--- START ---

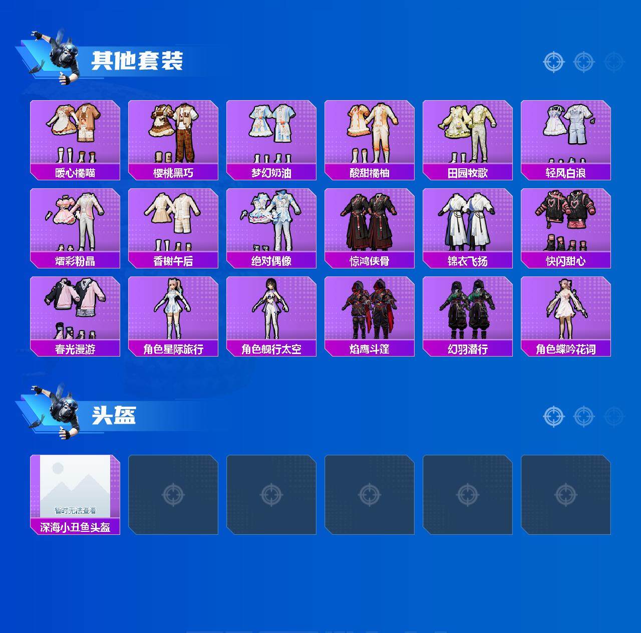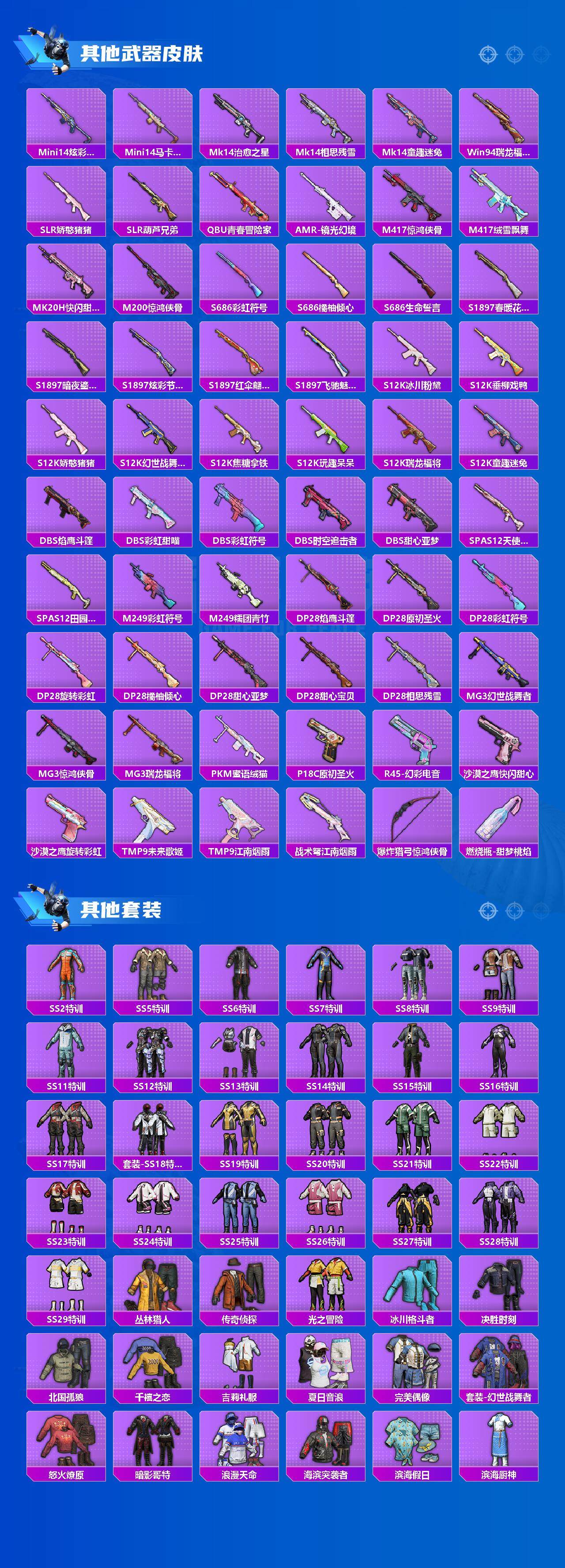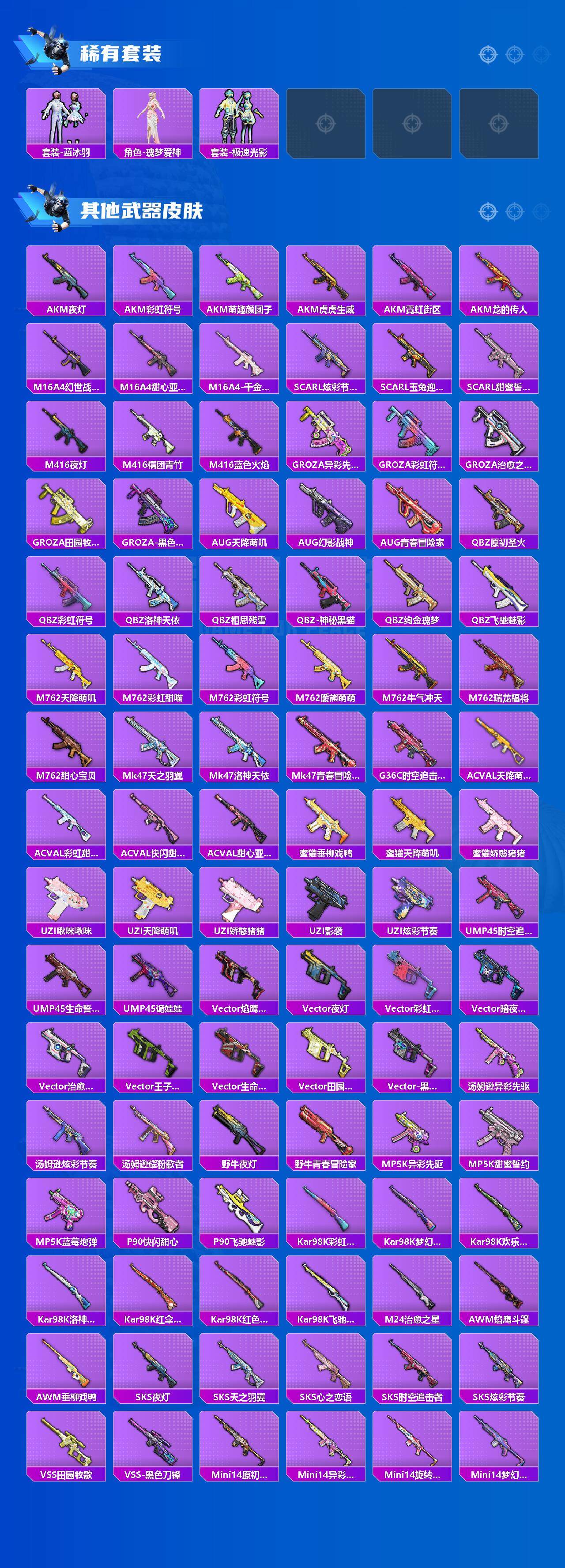 - [12234024]30粉装 9特效枪 3载具 12印记 可二次 可修改实名 身法装备:暗影哥特(红眼罩) 优质装备:晶梦灵驹,海龙奔腾,路特斯ELETRE(冰川蓝),MG3洛神天依,宝贝奶油派,粉色回忆,甜蜜誓约,炙焰红王,馨动时刻,SLR暗夜玫瑰,UMP45恐龙拽拽,七级UMP45-恐龙拽拽,七级MG3-洛神天依,GROZA-镜光银凌,SVD-月影灵韵,七级SVD-月影灵韵,萨利娅,晶梦幻蝶,MK14-樱桃泡泡,羊梦糖心,Kar98K-巳巳如意 热门装扮:彩虹鹿灵,山涧鹿灵,黑伞漫漫,酣梦娃娃,碧影闪光,海渊国主,紫电风暴,赤焰黑爵,闪耀律动,橘柚倾心,霞光圣骑,寒光使者,傲雪凌霜,霁雪冰心,旋转彩虹,冰川红玫,冰川幽秘,音爆索尼克,呆萌星弥,小可学妹,闲梦青缨,美雪,兔兔白日梦,神秘黑猫,胖达圆圆,奶芙汪汪,激萌罗小黑,恶魔喵喵,爱崽白熊,浪漫波比 载具:僚机-萌兔起飞 稀有枪皮:DP-28-豹影疾电 五级特效枪:五级GROZA-镜光银凌,五级Kar98K-巳巳如意,五级DP-28-豹影疾电 四级特效枪:四级MK14-樱桃泡泡 二级特效枪:二级SLR-暗夜玫瑰 紫色装扮:幻彩翩翩,SS23特训,妙红点点,SS30特训套装,SS31特训套装,SS33特训套装,旭日情侣,SS21特训,熠彩粉晶,紫芒星,岑岑玉浪,星夜迷魅,琉璃情波,田园牧歌,轻风白浪,和煦暖阳,SS22特训,香榭午后,顶瓜瓜,冷焰舞者,北国孤狼,千禧之恋,吉莉礼服,夏日音浪,完美偶像,帅气教官,幻世战舞者,幻影武者,萌趣咩咩,军械专家,灵幻魔术师,娇憨猪猪,海龙战士,冰爽风暴,爆裂葡萄,瑞龙福将,团圆交子,SS17特训,SS14特训,萌趣颜团子,特种颜团子,星河入梦,SS15特训,极乐追光,浓情摩卡,SS20特训,醇脆可可,香草威化,浑天鲲鹏,甜心亚梦,虚音幻奏,猎梦纪元,粉团憨憨,梦幻奶油,酸甜橘柚,奶油香芋,樱桃黑巧,怒火燎原,夏雨游龙,软羊咩咩,魔力冰咖,沁蓝冰爽,冰川谧蓝,焰山流火,绿翡凌光,月蓝流光,异彩先驱,缤纷焰火,SS18特训,水晶王族,雪兔飞飞,茉莉之诺,风铃甜诗,飞驰魅影,音速流光,SS19特训,圣诞惊喜,沙暴悍客,青年教官,风暴特警,飞行日记,骑行爱好者,魅力单车,鹤鸣,麻辣教官,黄色运动,黑色伏地魔,龙的传人,冰河战士,龙魂突击队,蝶变,香桃花海,霓虹街区,酷潮明星,都市魅力,霓虹极客,野性
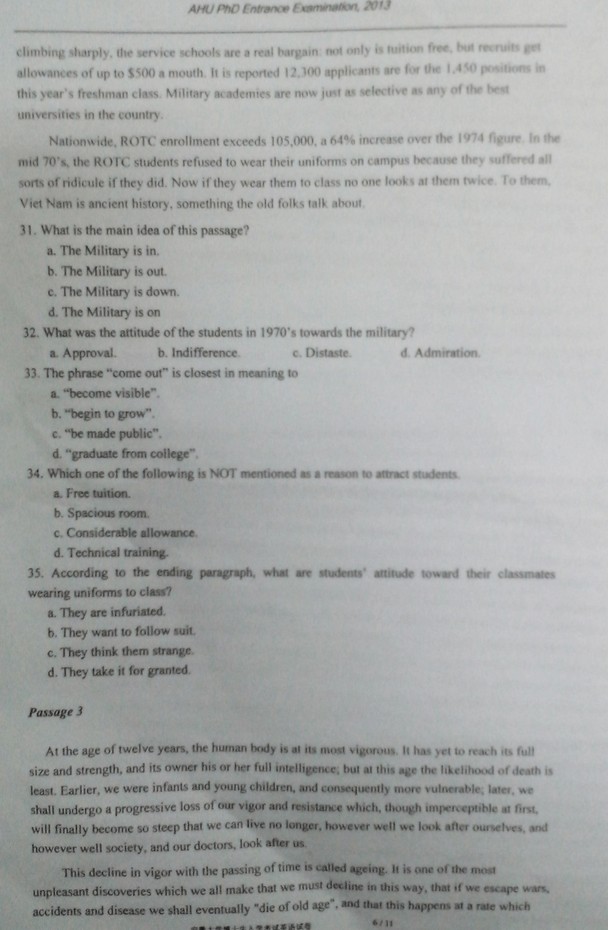 安徽大学2013考博英语试卷真题(6)
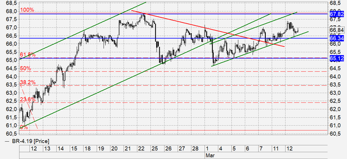 Нефть: отчет API показал снижение запасов нефти в США на 2.6. млн. баррелей. Посмотрим, что сегодня скажет EIA. Если мы увидим подобные цифры быки могут пройти выше 68.00. Если же не принимать в расчет данные по запасам, то падение ниже 66.30 приведет к ходу вниз. Текущие уровни удобны для покупок.
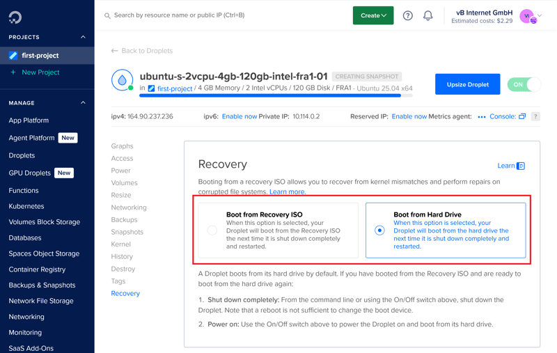 The recovery system offers significantly more options than many other hosting providers. For example, you can decide whether the VPS boots from a recovery ISO or from the internal hard drive on the next startup. This is helpful for fixing kernel errors or repairing damaged file systems.
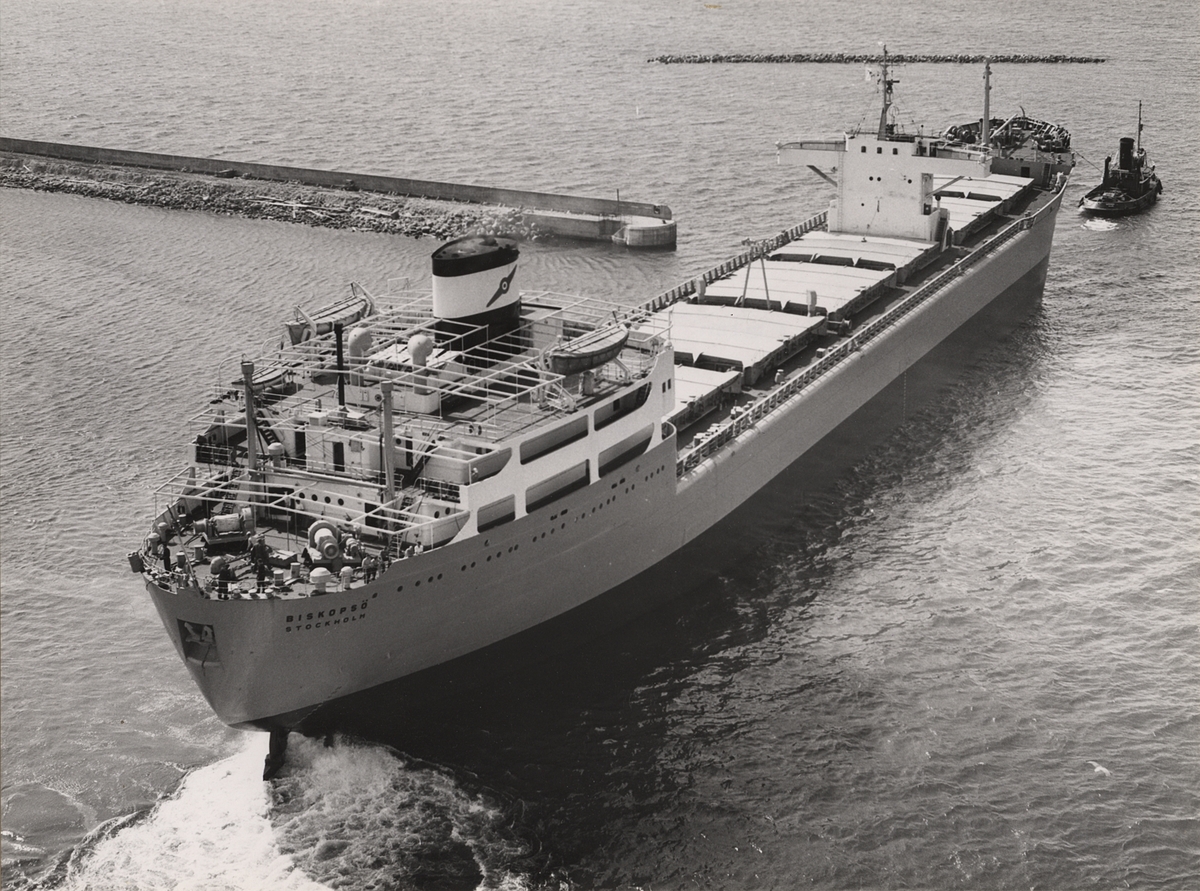 Lastmotorfartyget BISKOPSÖ av Stockholm på provresa 14 sept. 1956.
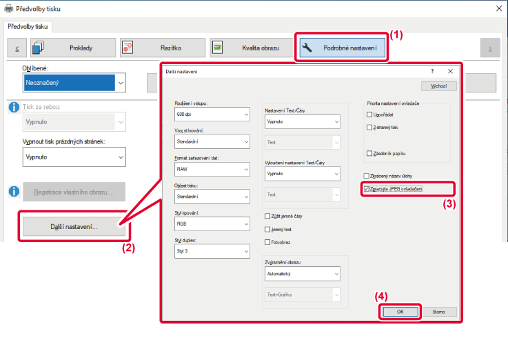 - Potom klikněte na zaškrtávací pole [Zpracujte JPEG ovladačem], až se zobrazí
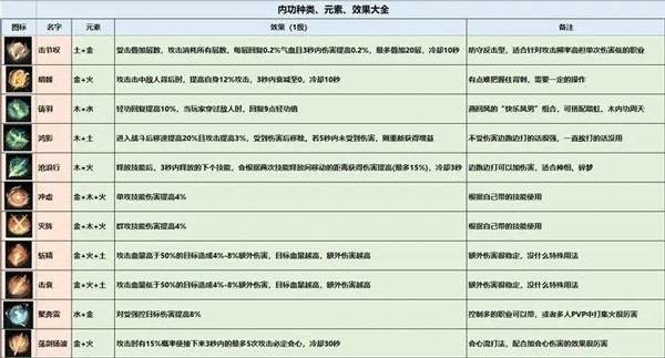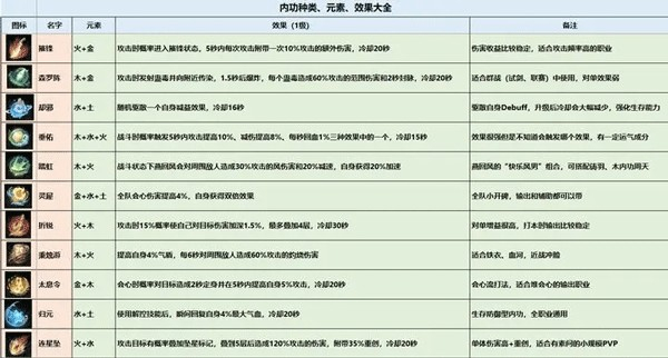 下图为我整理出的内功图鉴大全,效果,元素,类型,一目了然。

--- END ---

**WHAT THE EXERCISE ASKS**
Set the records down again precisely, skipping every image.

**RESPONSE**
 - [12234024]30粉装 9特效枪 3载具 12印记 可二次 可修改实名 身法装备:暗影哥特(红眼罩) 优质装备:晶梦灵驹,海龙奔腾,路特斯ELETRE(冰川蓝),MG3洛神天依,宝贝奶油派,粉色回忆,甜蜜誓约,炙焰红王,馨动时刻,SLR暗夜玫瑰,UMP45恐龙拽拽,七级UMP45-恐龙拽拽,七级MG3-洛神天依,GROZA-镜光银凌,SVD-月影灵韵,七级SVD-月影灵韵,萨利娅,晶梦幻蝶,MK14-樱桃泡泡,羊梦糖心,Kar98K-巳巳如意 热门装扮:彩虹鹿灵,山涧鹿灵,黑伞漫漫,酣梦娃娃,碧影闪光,海渊国主,紫电风暴,赤焰黑爵,闪耀律动,橘柚倾心,霞光圣骑,寒光使者,傲雪凌霜,霁雪冰心,旋转彩虹,冰川红玫,冰川幽秘,音爆索尼克,呆萌星弥,小可学妹,闲梦青缨,美雪,兔兔白日梦,神秘黑猫,胖达圆圆,奶芙汪汪,激萌罗小黑,恶魔喵喵,爱崽白熊,浪漫波比 载具:僚机-萌兔起飞 稀有枪皮:DP-28-豹影疾电 五级特效枪:五级GROZA-镜光银凌,五级Kar98K-巳巳如意,五级DP-28-豹影疾电 四级特效枪:四级MK14-樱桃泡泡 二级特效枪:二级SLR-暗夜玫瑰 紫色装扮:幻彩翩翩,SS23特训,妙红点点,SS30特训套装,SS31特训套装,SS33特训套装,旭日情侣,SS21特训,熠彩粉晶,紫芒星,岑岑玉浪,星夜迷魅,琉璃情波,田园牧歌,轻风白浪,和煦暖阳,SS22特训,香榭午后,顶瓜瓜,冷焰舞者,北国孤狼,千禧之恋,吉莉礼服,夏日音浪,完美偶像,帅气教官,幻世战舞者,幻影武者,萌趣咩咩,军械专家,灵幻魔术师,娇憨猪猪,海龙战士,冰爽风暴,爆裂葡萄,瑞龙福将,团圆交子,SS17特训,SS14特训,萌趣颜团子,特种颜团子,星河入梦,SS15特训,极乐追光,浓情摩卡,SS20特训,醇脆可可,香草威化,浑天鲲鹏,甜心亚梦,虚音幻奏,猎梦纪元,粉团憨憨,梦幻奶油,酸甜橘柚,奶油香芋,樱桃黑巧,怒火燎原,夏雨游龙,软羊咩咩,魔力冰咖,沁蓝冰爽,冰川谧蓝,焰山流火,绿翡凌光,月蓝流光,异彩先驱,缤纷焰火,SS18特训,水晶王族,雪兔飞飞,茉莉之诺,风铃甜诗,飞驰魅影,音速流光,SS19特训,圣诞惊喜,沙暴悍客,青年教官,风暴特警,飞行日记,骑行爱好者,魅力单车,鹤鸣,麻辣教官,黄色运动,黑色伏地魔,龙的传人,冰河战士,龙魂突击队,蝶变,香桃花海,霓虹街区,酷潮明星,都市魅力,霓虹极客,野性
 安徽大学2013考博英语试卷真题(6)
 Нефть: отчет API показал снижение запасов нефти в США на 2.6. млн. баррелей. Посмотрим, что сегодня скажет EIA. Если мы увидим подобные цифры быки могут пройти выше 68.00. Если же не принимать в расчет данные по запасам, то падение ниже 66.30 приведет к ходу вниз. Текущие уровни удобны для покупок.
 The recovery system offers significantly more options than many other hosting providers. For example, you can decide whether the VPS boots from a recovery ISO or from the internal hard drive on the next startup. This is helpful for fixing kernel errors or repairing damaged file systems.
 Lastmotorfartyget BISKOPSÖ av Stockholm på provresa 14 sept. 1956.
 - Potom klikněte na zaškrtávací pole [Zpracujte JPEG ovladačem], až se zobrazí
 下图为我整理出的内功图鉴大全,效果,元素,类型,一目了然。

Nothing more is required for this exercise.